#### [Material supplied]

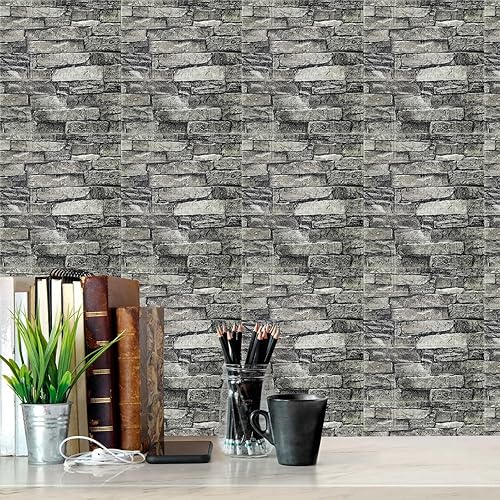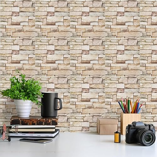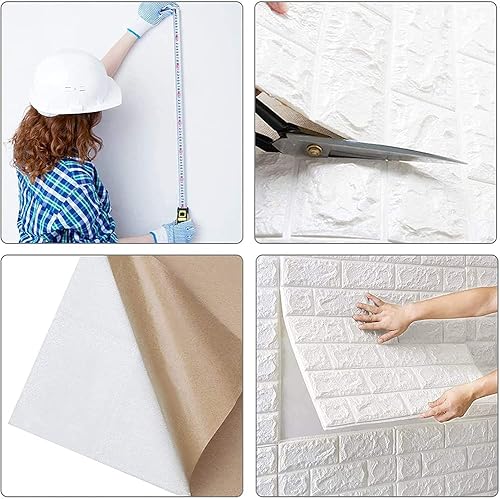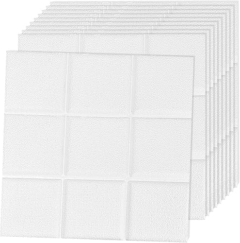 LeapBeast 3D Tapete Wandpaneele Selbstklebend Ziegel,3D Ziegel Tapete,Steinoptik Tapete Wasserdicht Wandaufkleber,10 Stücke 38 * 35CM,DIY Wandtapete,Geeignet für Schlafzimmer,Wohnzimmer (Weiß, 35x38)
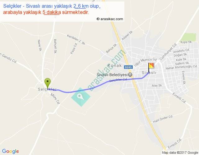 Selçikler - Sivaslı arası yaklaşık olarak 90 km/h ile yukarıda belirtilen sürede olup, iki yerin kuş uçuşu uzaklığı (mesafesi) 2'dir. Yolculuk otobüsle 6 dakika sürmektedir.
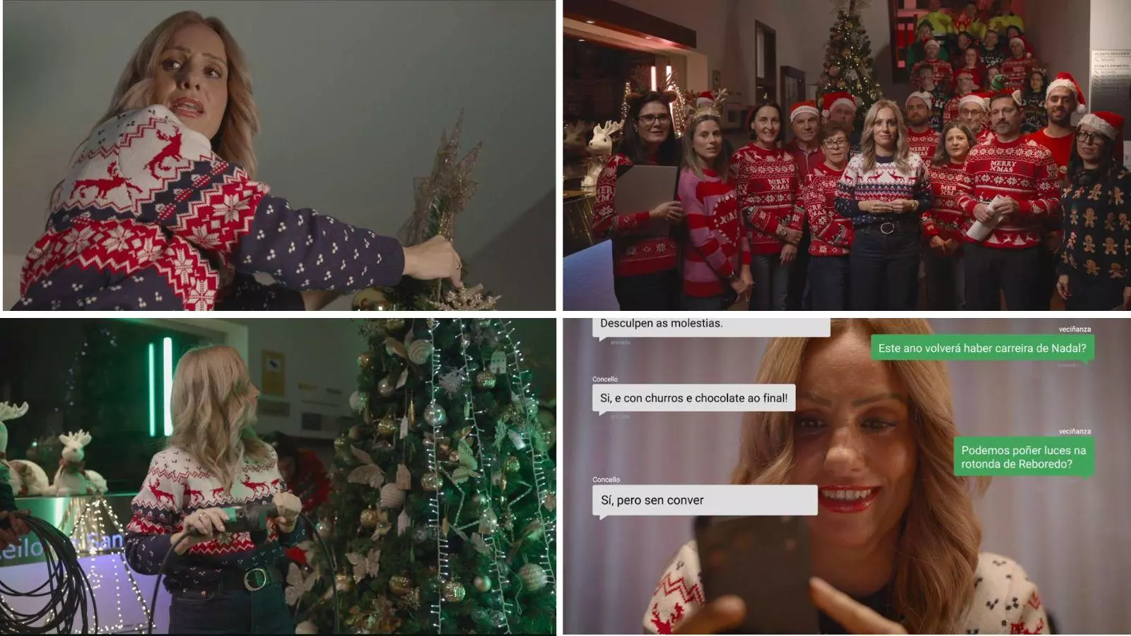 La pieza audiovisual muestra, desde el inicio, los preparativos previos a la grabación oficial del mensaje institucional. En el vídeo se ve a la alcaldesa maquillándose, colocando el árbol de Navidad e intentando poner la estrella en lo alto, en una escena en la que no faltan comentarios cómplices del equipo: “Marta, un pouco máis a esquerda”, se escucha fuera de plano, a lo que ella responde con ironía: “Para esquerda non, muller, xa esto parece o belén de Vigo”.
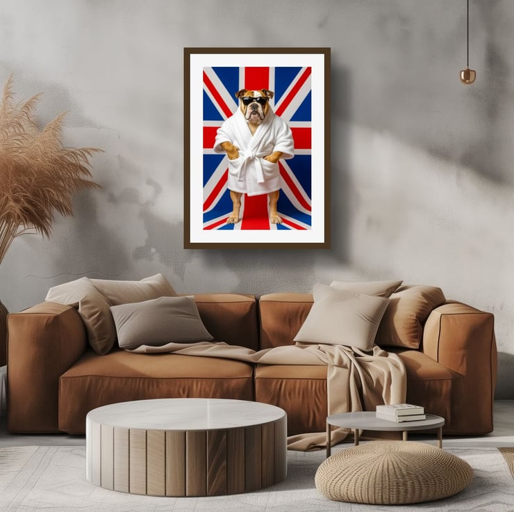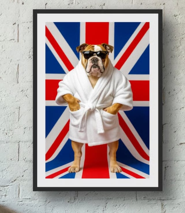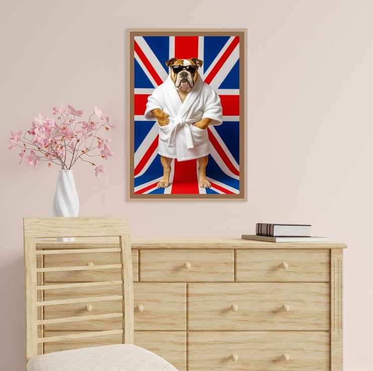 This bold and playful artwork features a British bulldog standing proud in a spa robe and sunglasses against a Union Jack backdrop. It is a fun and striking print that brings both humour and personality into your space.
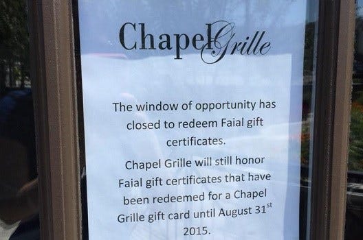 Chapel Grille in Cranston is no longer honoring gift certificates from the now closed Faial Restaurants.
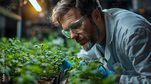 Bioengineer developing plant based solar panels to harness photosynthesis for renewable energy innovation
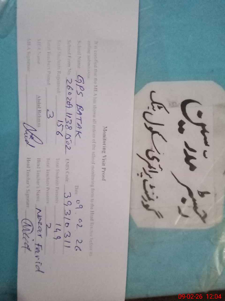 | Attendance Register | Head Teacher | MEA with School | Visit Proof |
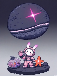 KACT, A round-cheeked girl in a purple spacesuit floats near a candy-colored asteroid, holding a glowing starfish. Three alien bunnies with antennae bounce beside her, trailing stardust. Simple geometric shapes with neon gradient skies.
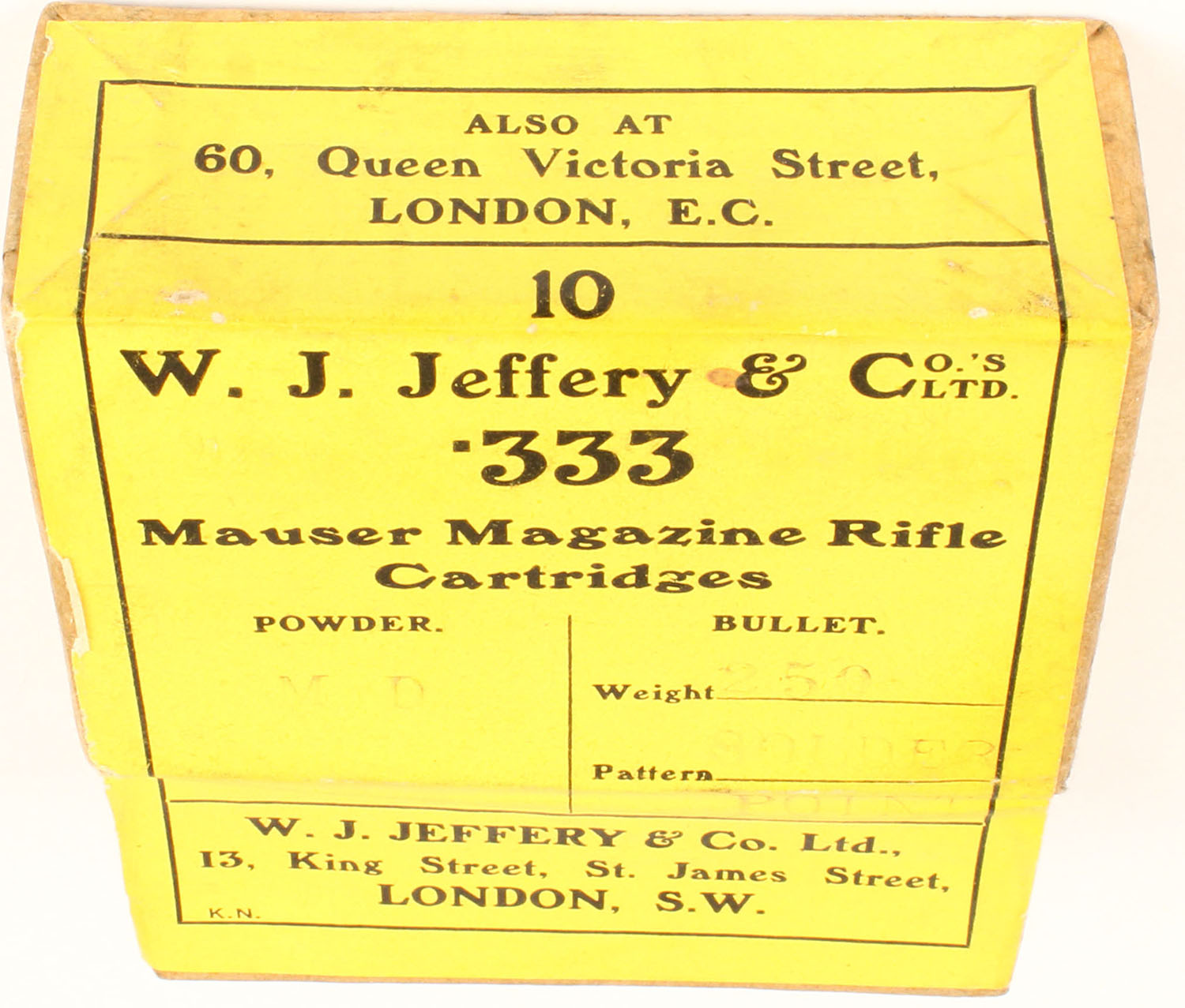 W.J. Jeffery & Co., .333 Mauser, Full & Sealed., 2pc. Buff box with yellow top & side sealing labels, box is solid, labels have great color. Grade: Excellent - Value: 30 to 90

#### [What needs to be done]
All lines from the one containing "KACT, A round-cheeked" through the end of the data are to be written out exactly, with nothing added; skip the pictures.

#### [Solved exercise]
 KACT, A round-cheeked girl in a purple spacesuit floats near a candy-colored asteroid, holding a glowing starfish. Three alien bunnies with antennae bounce beside her, trailing stardust. Simple geometric shapes with neon gradient skies.
 W.J. Jeffery & Co., .333 Mauser, Full & Sealed., 2pc. Buff box with yellow top & side sealing labels, box is solid, labels have great color. Grade: Excellent - Value: 30 to 90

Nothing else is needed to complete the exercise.